(Saved data entries)
((

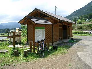 折山神社付近で阪本に出ると、きれいなトイレがあった。ここ阪本は紀州犬のふるさとなのだそうだ。紀州犬は野犬と狼の交配種だといわれており、秋田犬・土佐犬とともに国の天然記念物に指定されている ・ 阪本のトイレ
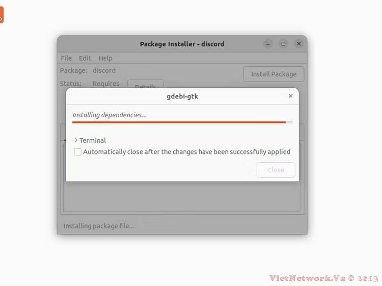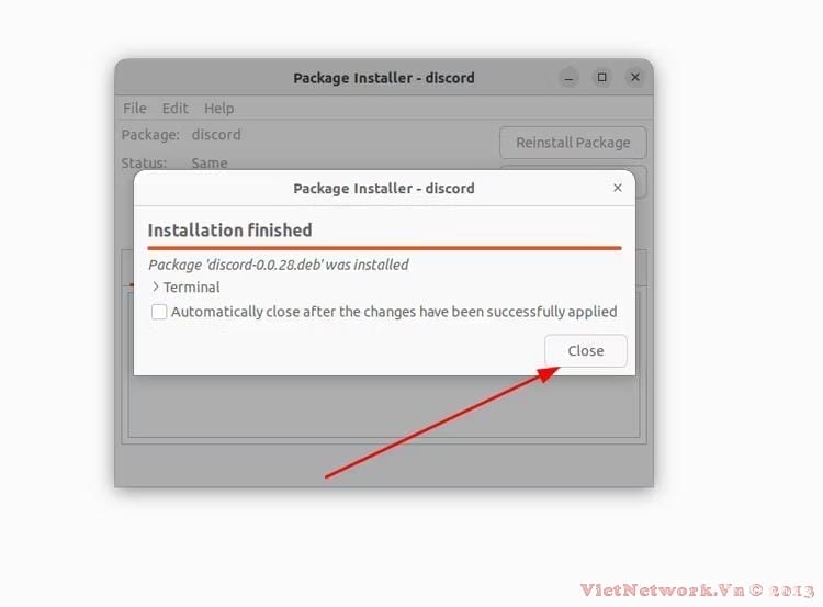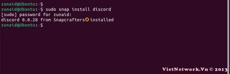 Nhập mật khẩu của bạn khi được nhắc. Discord sẽ được cài đặt sau một thời gian. Bạn sẽ nhận được thông báo sau khi cài đặt thành công.
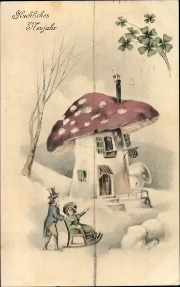 Künstler Ak Neujahr, Fliegenpilz Haus, Kleeblatt, Schlitten
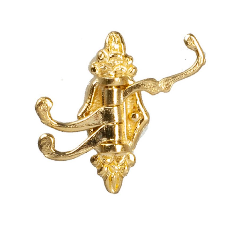Dolls House Polished Brass Triple Coat Hook Miniature Hall Cloakroom Accessory
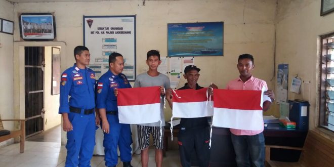 LHOKSEUMAWE- Satuan Pol Airud Polres Lhokseumawe menyerahkan bendera merah putih untuk dipasang di Kapal Motor Nelayan dalam wilayah hukum Sat Pol Airud Polres Lhokseumawe, Sabtu (5/8/2017).

))

▶ _PROBLEM DESCRIPTION_:
Omit the pictures. Print, word for word, the lines from the beginning of the entries above through the line that holds "Künstler Ak Neujahr, Fliegenpilz".

▶ _THE ANSWER_:
 折山神社付近で阪本に出ると、きれいなトイレがあった。ここ阪本は紀州犬のふるさとなのだそうだ。紀州犬は野犬と狼の交配種だといわれており、秋田犬・土佐犬とともに国の天然記念物に指定されている ・ 阪本のトイレ
 Nhập mật khẩu của bạn khi được nhắc. Discord sẽ được cài đặt sau một thời gian. Bạn sẽ nhận được thông báo sau khi cài đặt thành công.
 Künstler Ak Neujahr, Fliegenpilz Haus, Kleeblatt, Schlitten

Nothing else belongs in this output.